The tightly coupled approach somewhat improves the interoperability and overall robustness of the solution and reduces the skills needed to deploy and maintain it. This approach restricts the operator to using only those applications designed to run within the closed “ecosystem,” but it is generally quicker to deploy than a loosely coupled system and can recover when tasks fail. However, the operator may have to translate, rebuild or discard models or engines that are not approved. Scaling with this approach is challenging because of premium software licensing and support prices.

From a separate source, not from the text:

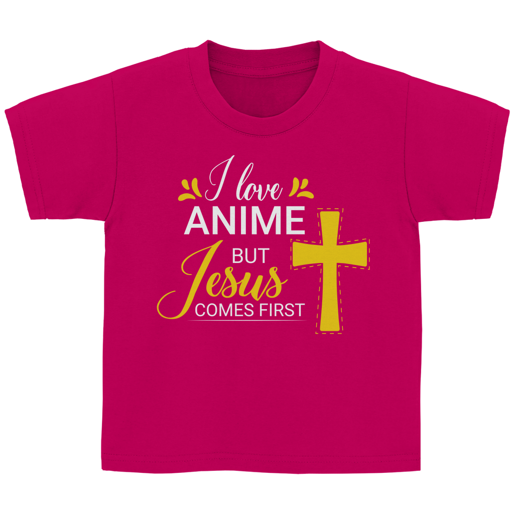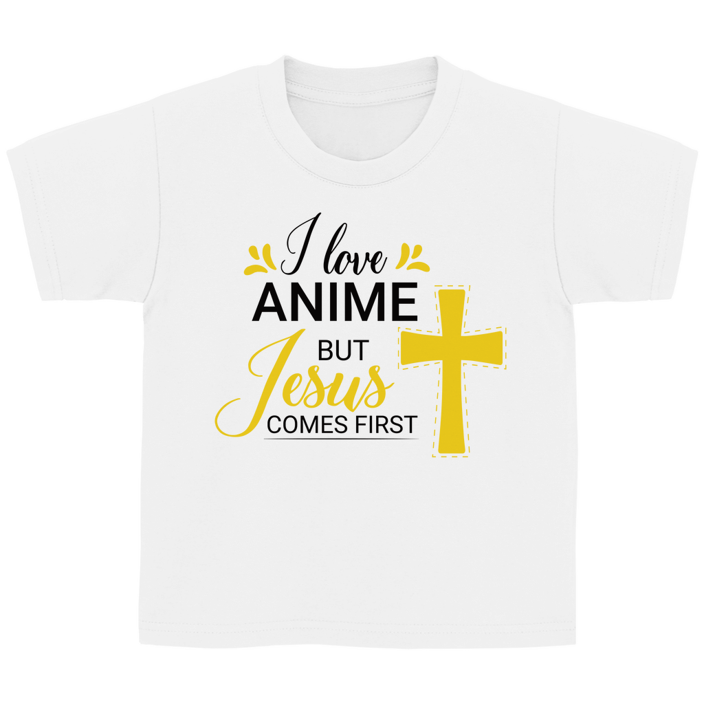 Kinder T-Shirt i love anime but jesus comes first
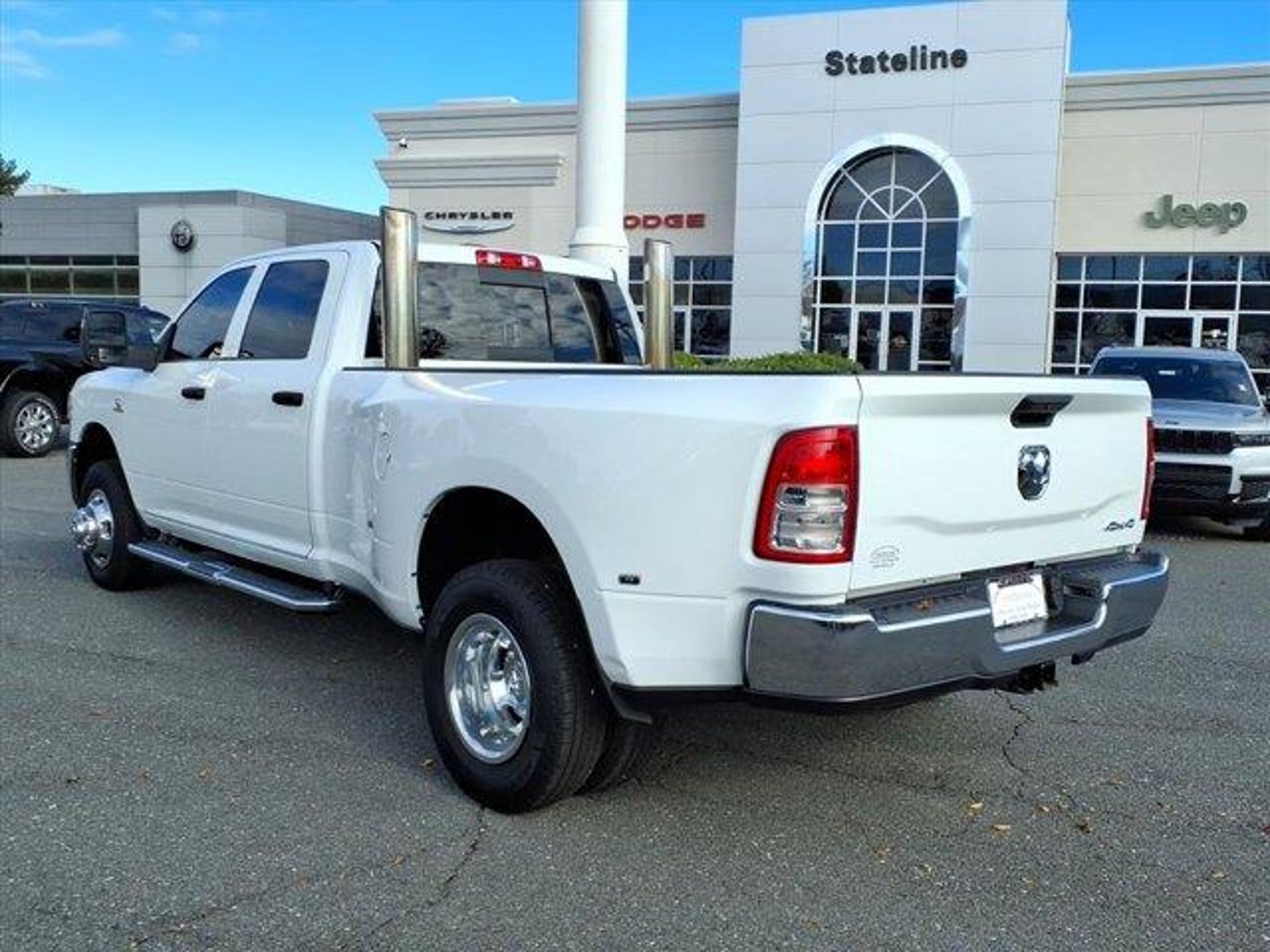 Odometer is 10709 miles below market average! 2024 Ram 3500 Tradesman 4D Crew Cab Bright White Clearcoat Extended Service Programs Available, 115V Auxiliary Front Power Outlet, 2 Way Rear Headrest Seat, 4 Way Front Headrests, 4-Wheel Disc Brakes, 40/20/40 Split Bench Seat, 400W Inverter, 50 Gallon Fuel Tank, 5th Wheel/Gooseneck Towing Prep Group, 6 Speakers, 6000# Front Axle w/Hub Ext, ABS brakes, Active Noise Control System, Air Conditioning, AM/FM radio, Auto Level Rear Air Suspension, Auto Power-Folding Mirrors, Black Exterior Mirrors, Box & Rear Fender Clearance Lamps, Brake assist, Bright Front Bumper, Bright Rear Bumper, Bright Wheel Skins, Carpet Floor Covering, Center Hub, Chrome Appearance Group, Chrome Flat Cab-Length Side Steps, Chrome Grille Surround, Chrome Headlamp Bezels, Clearance Lamps, Cloth 40/20/40 Bench Seat, Cold Weather Group, Compass, Delay-off headlights, Driver door bin, Dual front impact airbags, Dual front side impact airbags, Dual Rear Wheels, Electric Shift-On-The-Fly Transfer Case, Electronic Stability Control, Electronically Controlled Throttle, Emergency communication system: SiriusXM Guardian, Engine Block Heater, Exterior 115V AC Outlet, Exterior Mirrors Courtesy Lamps, Exterior Mirrors w/Heating Element, Exterior Mirrors w/Supplemental Signals, For Details Visit DriveUconnect.com, Forward & Reverse Utility Lights, Front & Rear Floor Mats, Front anti-roll bar, Front Armrest w/Cupholders, Front Center Armrest w/Storage, Front reading lights, Fully automatic headlights, Global Telematics Box Module (TBM), GPS Antenna Input, HD Vinyl 40/20/40 Split Bench Seat, Illuminated entry, Integrated Voice Command w/Bluetooth, Low tire pressure warning, Manual Adjust 4-Way Driver Seat, Manual Adjust 4-Way Front Passenger Seat, Manual Folding Exterior Mirrors, Manual Telescoping Mirrors, Matte Black Mesh w/Chrome Grille, Mirror Running Lights, MOPAR Winter Front Grille Cover, Occupant sensing airbag, Outside temperature display, Overhead airbag, Overhead console, Panic alarm, ParkView Rear Back-Up Camera, Passenger door bin, Passenger vanity mirror, Power Adjust Mirrors, Power Heat Fold Telescopic Mirrors, Power Heated Fold Telescopic Mirrors, Power steering, Power Telescoping Mirrors, Power windows, Power-Adjustable Convex Aux Mirrors, Quick Order Package 2HA Tradesman, Radio data system, Radio: Uconnect 3 w/5" Display, Rear Folding Seat, Rear Power Sliding Window, Rear step bumper, Rear Wheelhouse Liners, Rear Window Defroster, Remote keyless entry, Remote USB Port - Charge Only, Speed control, Storage Tray, Tachometer, Tilt steering wheel, Tip Start, Traction control, Tradesman Level 2 Equipment Group, Trailer Brake Control, Trailer Light Check, Variably intermittent wipers, Voltmeter, Wheels: 17" x 6.0" Steel Argent, Wheels: 17" x 6.0" Steel Chrome Clad, Wheels: 18" x 8.0" Steel. This 2024 Ram 3500 Tradesman is proudly offered to you by Stateline Chrysler Dodge Jeep RAM at 800 Gold Hill Rd Fort Mill, SC 29708 803-306-1000 www.BigStatelineAuto.com Whether you are looking for a new, pre-owned / used, car, truck, crossover or SUV,Stateline Chrysler Dodge Jeep RAM and Mills Auto group are here to make your life easy. This 2024 Ram 3500 Tradesman has been fully serviced. A 2024 Ram 3500 Tradesman in this condition is an absolute rarity. With 30 locations and growing, we have whatever vehicle you are looking for or we can find it for you. Let Stateline Chrysler Dodge Jeep RAM / Stateline Maserati Alfa Romeo and Mills Auto Group be your one stop shop to assist you with all of you automotive needs. Stateline Chrysler Dodge Jeep RAM Stateline Maserati / Alfa Romeo 800 Gold Hill Rd. Fort Mill, SC 29708 803-306-5989 / 803-548-6617 www.BigStatelineAuto.com For ALL new or pre-owned / used car, truck, crossover or SUV Mills Auto Group has locations in or near Goldsboro, NC 27534 - Pineville, NC 28134 - Fort Mill, SC 29708 - Columbia, SC 29210 - Smithfield, NC 27577 - Shelby, N

This new platform captures the robustness of tight integration with the flexibility of being able to run models and data sources from multiple vendors. It provides the benefits of a tightly coupled tool but removes some of the application programmable interface or license restrictions that can limit the ability of DOF solutions to integrate large volumes of models and data into a robust environment.

Successful Middle East pilot test

Field development plans for an offshore operator in the Middle East called for increased use of highly instrumented multizone inflow-control-valve (ICV) completions. To improve production efficiency, the operator adopted an integrated reservoir management process and implemented several data platforms to support it. The operator’s objective was to expand the DOF platform to enable automation of workflows that involve interaction with models, data and scenarios. The ultimate vision was an integrated asset model that will incorporate models and simulations to achieve cohesive reservoir, wells and facilities workflows.

A pilot study was undertaken on nine producing wells that included two smart wells with dual-zone ICV completions. Model-based workflows included rate estimation, zonal rate allocation, well test validation and model calibration. Data-driven workflows included automatic well test reporting and production target tracking, including a rate-vs.-allowable-rate KPI. The platform was connected to the operator’s existing data sources. Existing well models were loaded into the platform and repurposed for run-time use.

Applying four different virtual metering techniques enabled real-time model-based rate estimations. Zonal allocations for smart wells also were performed. Well test records were generated from an offshore tower-based multiphase flowmeter test unit. Here, data-driven logic was used to automatically detect whether wells were on test and the test was valid and to auto-record the results. The test data were automatically compared with the well model, and the asset team was alerted to deviations. The integrated nodal technology was used to recalibrate well models to match the well tests. Oil, gas and water estimates were then used to calculate the KPI to measure production targets vs. the allowable rates. The predictive analytics software put models online, where they could automatically and continually self-update with more insightful KPIs from real-time data. Issues such as ICV set point optimization, reservoir pressure tracking and zonal production issues could be automatically identified. Crucially, the platform provides real-time virtually metered oil, gas and water rates for each producing zone and for the commingled production stream of each well.

To test the solution performance at scale, the operator cloned the nine wells along with their data and model configurations to create 1,000 wells. The tool was run in a controlled environment using live data. About 17,900 datapoints were streamed into the platform during the test period. One thousand well models were used, and five different KPIs were performed by the workflow engine. The platform was hosted on a single virtual server. The tool completed an entire run of each automated workflow within 28 minutes. From these data it is reasonable to estimate that the platform could provide model-based and data-driven KPIs for each well on a 30-minute basis. Since this pilot the platform has been stress-tested offline using modern cloud computing power, where performance times have been reduced even further.